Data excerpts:
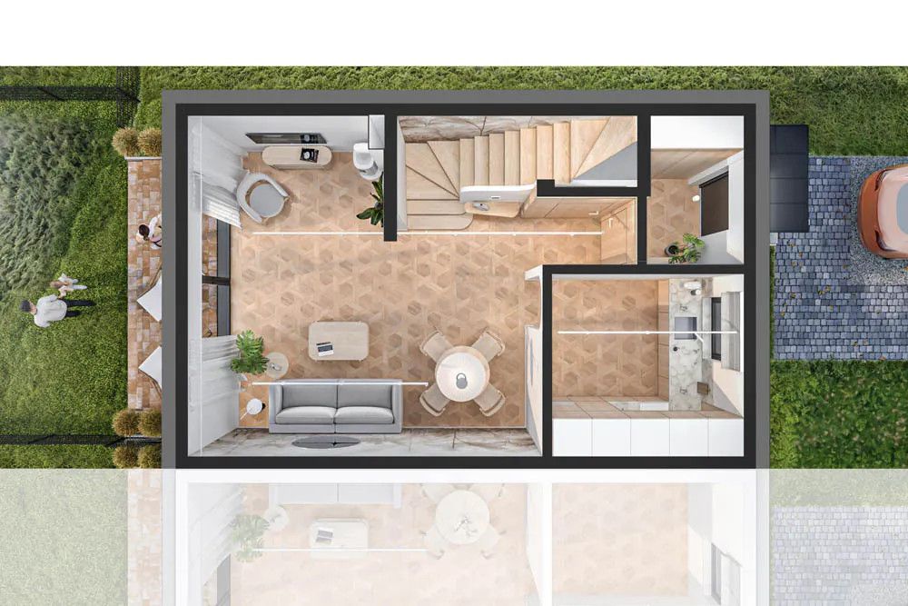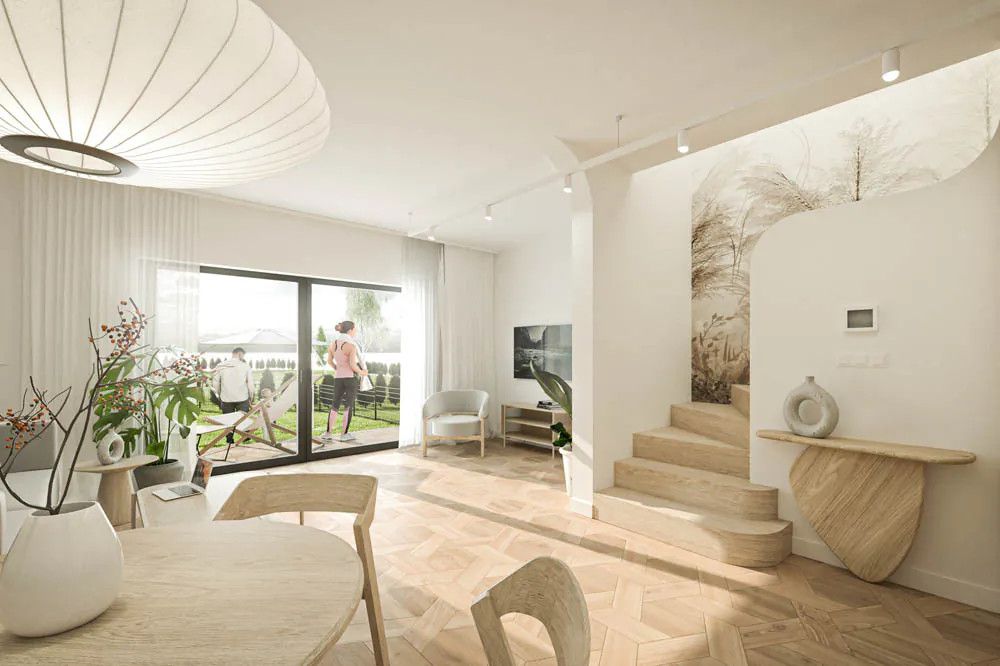 Parter to serce domu - salon 27,33 m² z przesuwnymi oknami tarasowymi i widokiem, który nigdy się nie nudzi. Otwarta kuchnia (8,38 m²) stworzy idealną przestrzeń do wspólnych spotkań - a po połączeniu z salonem uzyskacie ponad 35,5 m² przestrzeni do życia.
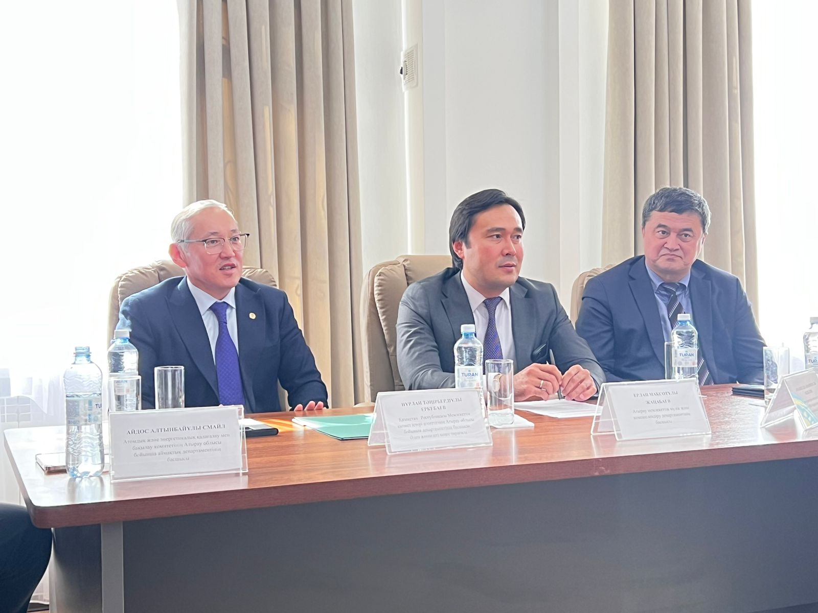 The meeting was attended by Department employees, Amangeldy Amaniyazovich Abdolov, Head of the Representative Office of the National Center for Human Rights in Atyrau Oblast; Yerlan Nurlanovich Yesenov, Head of the Department of the Committee for Technical Regulation and Metrology in Atyrau Oblast; Aidos Altybaevich Smail, Head of the Regional Department of the Committee for Atomic and Energy Supervision and Control in Atyrau Oblast; and employees of the Zhaiyk-Caspian Basin Inspectorate for the Use, Regulation, and Protection of Water Resources of the Water Management Committee of the Ministry of Water Resources and Irrigation of the Republic of Kazakhstan.
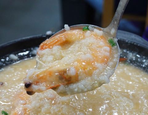 生蚝16一个,烤的比较透。花蛤比较大。鲍鱼螺非常棒。但是!不辣!!!!!我这种可以直接喝辣椒油的人,感觉很难受…海鲜粥卖完了…很伤心。
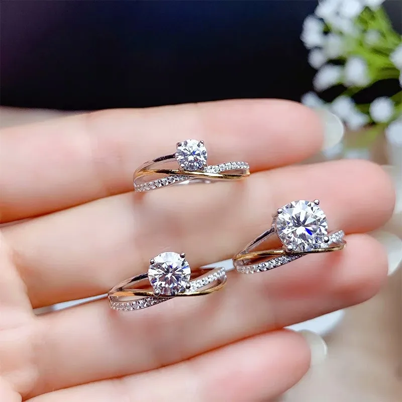 925 Silver 18K Two-Tone Gold-Plated Ring Setting For 5/6.5/8mm Round Moissanite
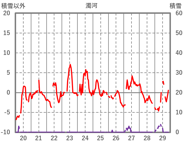 | 日 | 時 | 気温 | 降水 | 風向/風速 | 日照 | 積雪 | 降雪 |
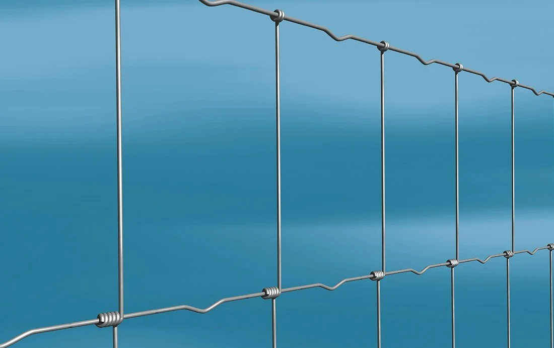 Knotted fencing with differentiated mesh. The vertical (cross) and horizontal (line) wires of the mesh are made in zinc coated steel obtained through the exclusive Galvafort Process created by Cavatorta. For use in agricultural and zoological sectors.
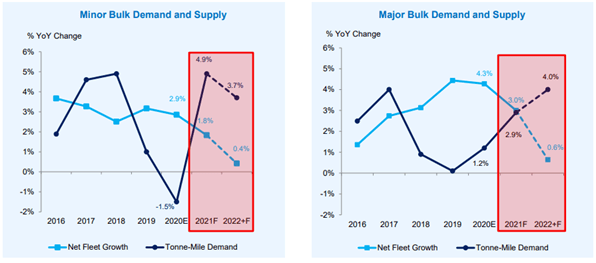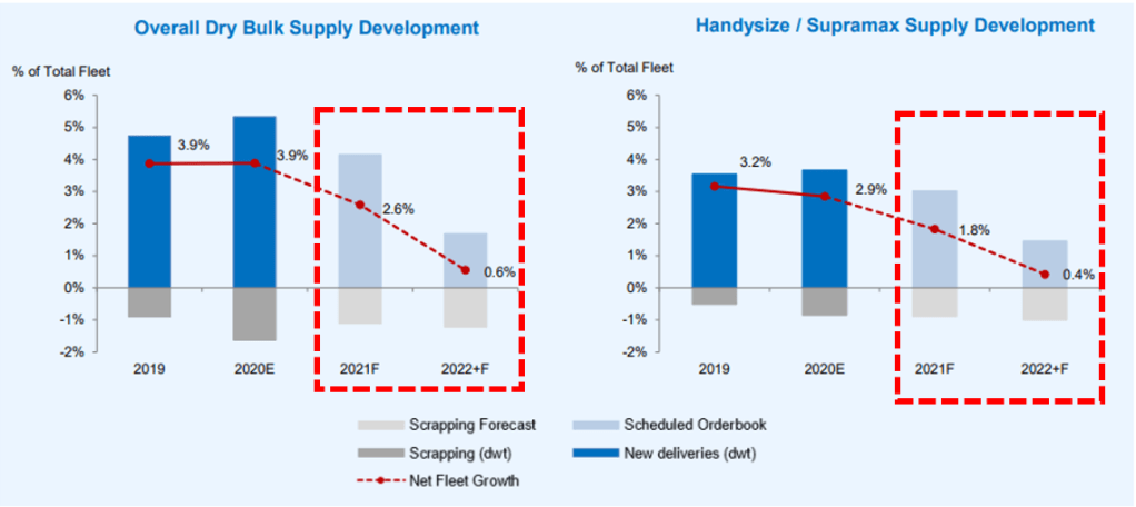 - Insufficient current supply after large amount of bulk ship demolitions due to IMO 2020 and low rates in 2020.
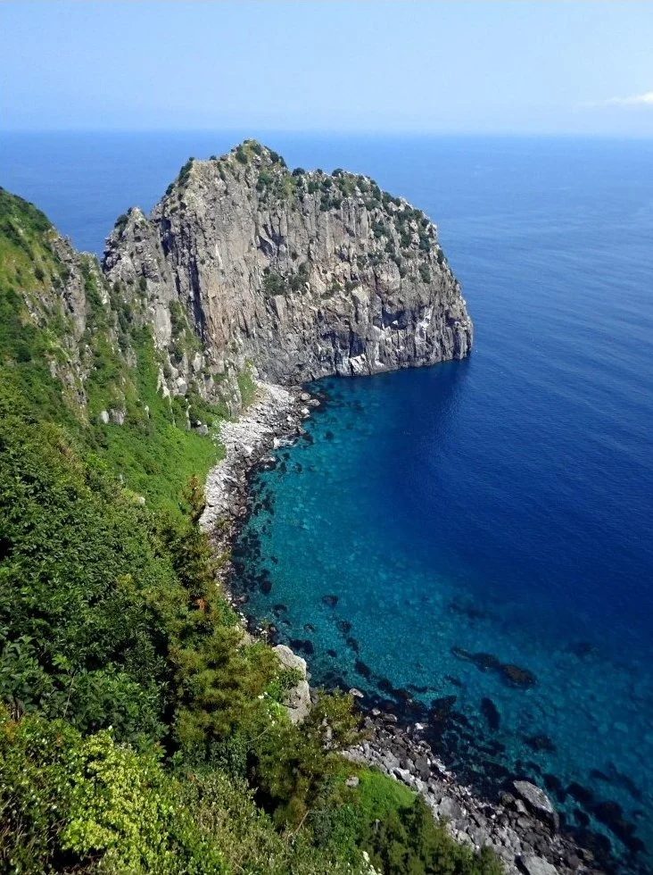 제주도의 해변은 화산암이 잘 부서져내려 절벽이 적은 대신 바다는 얕고 비취빛이지만, 울릉 도는 분화구인 나리분지 이외에는 평지를 찾아볼 수 없고 해변은 온통 거대한 절벽을 이루며 깊은 수심의 바다 빛은 코발트블루 빛을 띠고 있다.
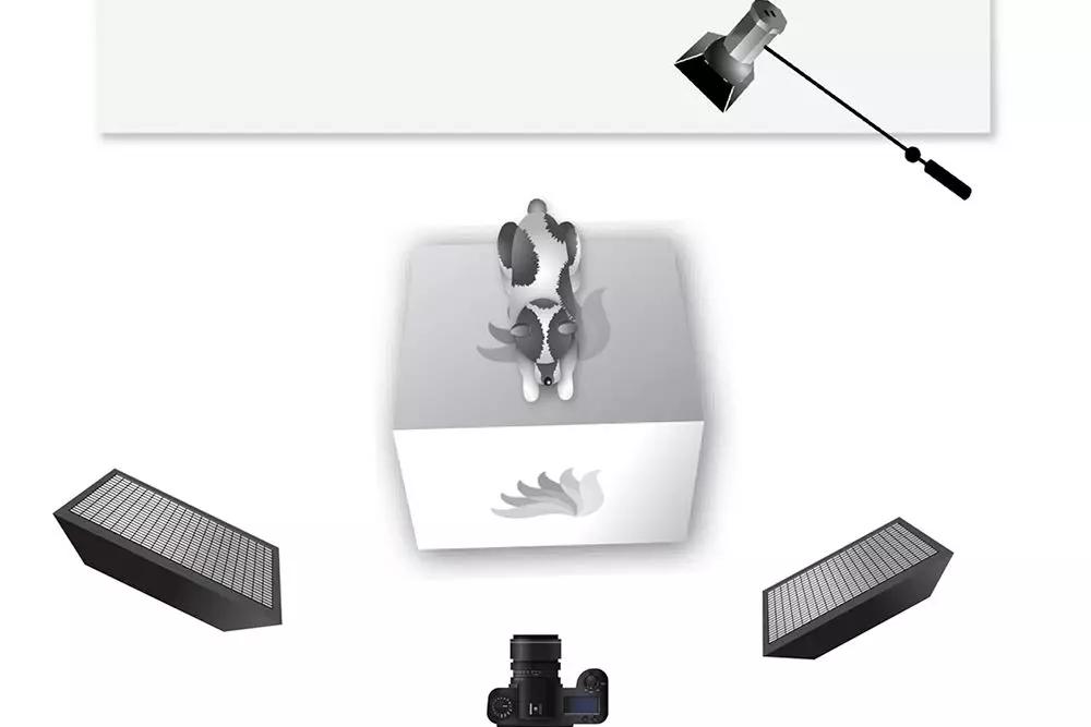 攝影師Mark C Hughes分享,他在攝影棚內(nèi)拍攝動(dòng)物時(shí)經(jīng)常采取的打燈方式——總共使用三個(gè)柔光箱(Softbox)、兩盞主光(Key light)分別從被攝物前方兩側(cè)45度角打光,再于后上方是只一盞發(fā)光(Hair Light)以點(diǎn)亮輪廓。這樣的配置能均勻照亮鏡頭前的主角,并使其與身后的背景分離開(kāi)來(lái)。
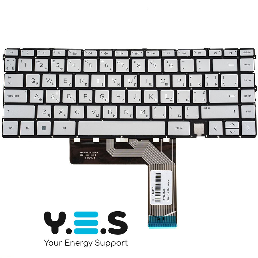 Клавіатура до ноутбуку HP (15-EP) українська розкладка, сріблястий колір, без фрейму, підсвітка клавіш (Оригінал)
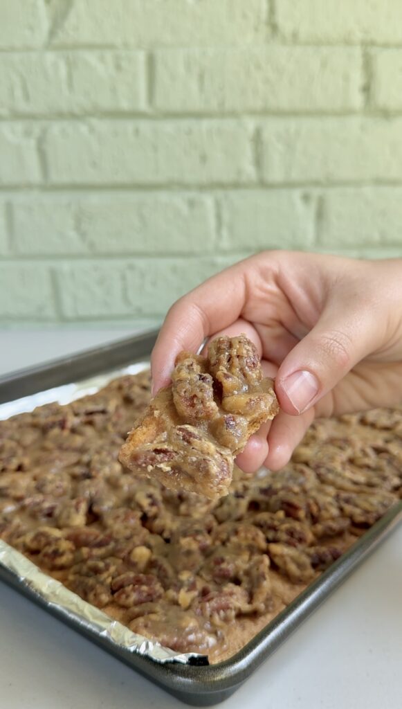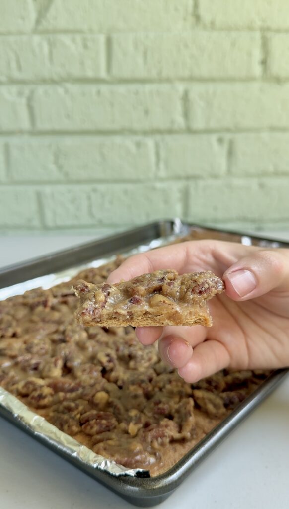 - SPREADING: You’ll want to work quickly to spread the pecan topping on top of the graham crackers. Once the mixture starts to cool, it becomes much harder to spread into an even layer.
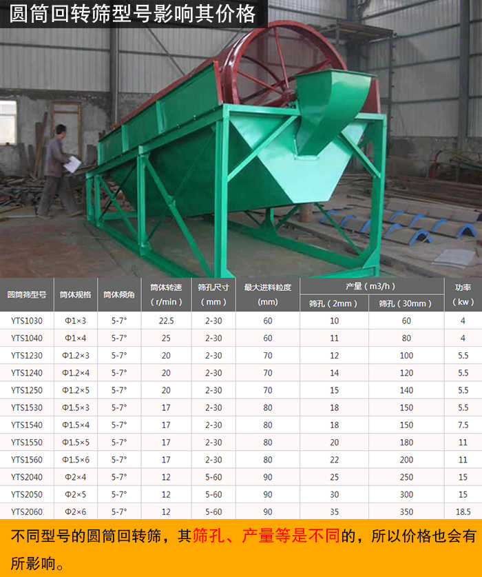 不同型號的圓筒回轉(zhuǎn)篩,其篩孔、產(chǎn)量是不同的,所以價(jià)格也會有所影響。圓筒回轉(zhuǎn)篩型號從YTS1030-YTS2060,其產(chǎn)量必然也是隨之增加的。圓筒回轉(zhuǎn)篩設(shè)備型號越大,產(chǎn)量就越高,其價(jià)格就會越高。(附參數(shù)表)
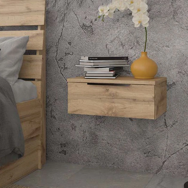 Тумба настінна, тумбочка в спальню навісна з висувним ящиком M-34, дуб сонома

=== ASSIGNMENT ===
Omit the pictures and please write out exactly the lines between the one containing "生蚝16一个,烤的比较透。花" and the last line of the entries, both included.

=== WRITTEN SOLUTION ===
 生蚝16一个,烤的比较透。花蛤比较大。鲍鱼螺非常棒。但是!不辣!!!!!我这种可以直接喝辣椒油的人,感觉很难受…海鲜粥卖完了…很伤心。
 925 Silver 18K Two-Tone Gold-Plated Ring Setting For 5/6.5/8mm Round Moissanite
 | 日 | 時 | 気温 | 降水 | 風向/風速 | 日照 | 積雪 | 降雪 |
 Knotted fencing with differentiated mesh. The vertical (cross) and horizontal (line) wires of the mesh are made in zinc coated steel obtained through the exclusive Galvafort Process created by Cavatorta. For use in agricultural and zoological sectors.
 - Insufficient current supply after large amount of bulk ship demolitions due to IMO 2020 and low rates in 2020.
 제주도의 해변은 화산암이 잘 부서져내려 절벽이 적은 대신 바다는 얕고 비취빛이지만, 울릉 도는 분화구인 나리분지 이외에는 평지를 찾아볼 수 없고 해변은 온통 거대한 절벽을 이루며 깊은 수심의 바다 빛은 코발트블루 빛을 띠고 있다.
 攝影師Mark C Hughes分享,他在攝影棚內(nèi)拍攝動(dòng)物時(shí)經(jīng)常采取的打燈方式——總共使用三個(gè)柔光箱(Softbox)、兩盞主光(Key light)分別從被攝物前方兩側(cè)45度角打光,再于后上方是只一盞發(fā)光(Hair Light)以點(diǎn)亮輪廓。這樣的配置能均勻照亮鏡頭前的主角,并使其與身后的背景分離開(kāi)來(lái)。
 Клавіатура до ноутбуку HP (15-EP) українська розкладка, сріблястий колір, без фрейму, підсвітка клавіш (Оригінал)
 - SPREADING: You’ll want to work quickly to spread the pecan topping on top of the graham crackers. Once the mixture starts to cool, it becomes much harder to spread into an even layer.
 不同型號的圓筒回轉(zhuǎn)篩,其篩孔、產(chǎn)量是不同的,所以價(jià)格也會有所影響。圓筒回轉(zhuǎn)篩型號從YTS1030-YTS2060,其產(chǎn)量必然也是隨之增加的。圓筒回轉(zhuǎn)篩設(shè)備型號越大,產(chǎn)量就越高,其價(jià)格就會越高。(附參數(shù)表)
 Тумба настінна, тумбочка в спальню навісна з висувним ящиком M-34, дуб сонома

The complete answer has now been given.